Most had Whatcha sumptin names and had these outrageous rips and current. No tuna so fished back South and stopped at any rip with birds. Caught many "Baaass" and blues. At the end the day I was so tired from catching striped "Baaass" all day. Every one was 26-27 inches and pulled harder than any Bay convict bass could ever. Oh and much prettier with purple and blue in the stripes. Blues where about 7 pounds to 10 pounds.

Saturday: We started a bit later since the outgoing bite was better on Friday. This time we ran for two hours searching for tuna. No luck so again we fished back. Started at Fishers Island northern rip. Very dangerous spot with on bad move and the boat is tossed up on the rocks of the rip. Huge ocean swells went 8 feet above the boat at times. But man the fish did hit... 

After my buddy lost his footing and one of my St Croix rods and Doug Hannon reel went swimming away into the rips.. Bye sweet combo forever.. we went calmer water. 

Saw this strange island with solar panels, windmills and a boat with big wheels.

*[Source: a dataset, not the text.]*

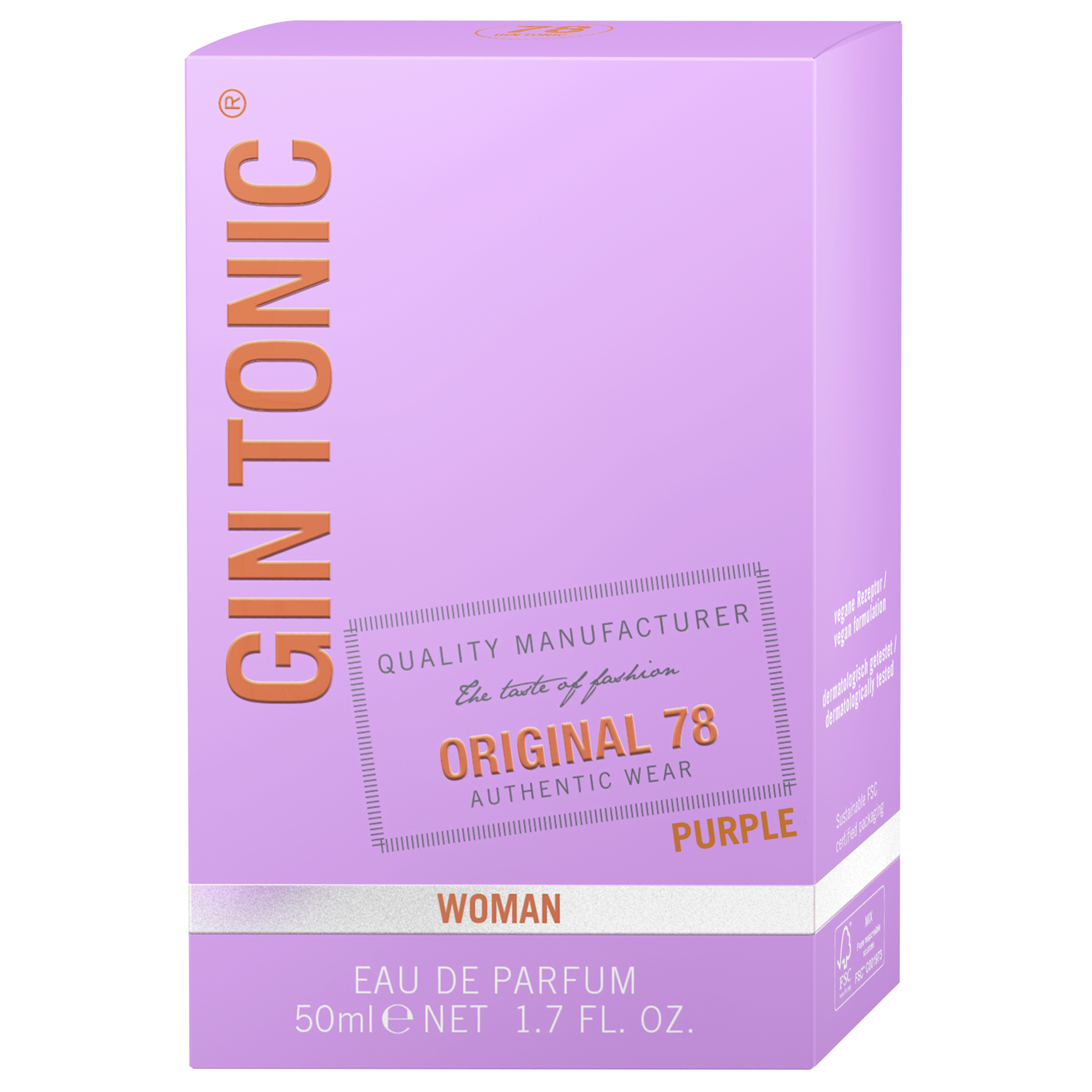Vůně GIN TONIC® Original 78 ztělesňují dokonalou rovnováhu mezi moderním a klasickým stylem. Jsou energické a vyzařují pozitivní náladu. GIN TONIC® Original 78 Purple je květinově pižmová vůně pro ženy. Na přitažlivé spojení hrušky a kadidla v úvodu navazuje opojná směs jasmínu a šťavnaté broskve. Sametový závěr s pižmem, dřevitými tóny a sladkou vanilkou zanechává dlouhotrvající vonnou stopu.
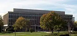 While he worked on increasing the size of M.S.C.'s student body, Hannah also expanded the institution from a college of regional reputation into a nationally recognized research university. When the University of Chicago eliminated its athletics and resigned from what is now the Big Ten Conference in 1946, Hannah lobbied hard to take its place. The Big Ten finally admitted M.S.C. in 1950. Five years later, on the College's centennial year of 1955, the State of Michigan made it a university.[3] In 1957 he continued M.S.U.'s expansion co-founding Michigan State University–Oakland (now Oakland University) with Matilda Dodge Wilson. The Hannah Hall of Science on Oakland University's campus is named for him.[4] Michigan State University continued to expand throughout the 1960s, completing its newest dormitory in 1967. None have been built since.

And Stonehenge next to some hot water panels. 


























University of CT.. 










Some average class fish. 


























Capt Mike Warecke is good guide and I recommend him for any one fishing CT and the sound. 

Capt Mike "the other one"


----------



## G-Hype (Jul 8, 2010)

Excellent pictoral account. Thanks for sharing.


----------



## RuddeDogg (Mar 20, 2004)

Great work and awesome report.


----------



## Smittroc (May 1, 2009)

great report sir.


----------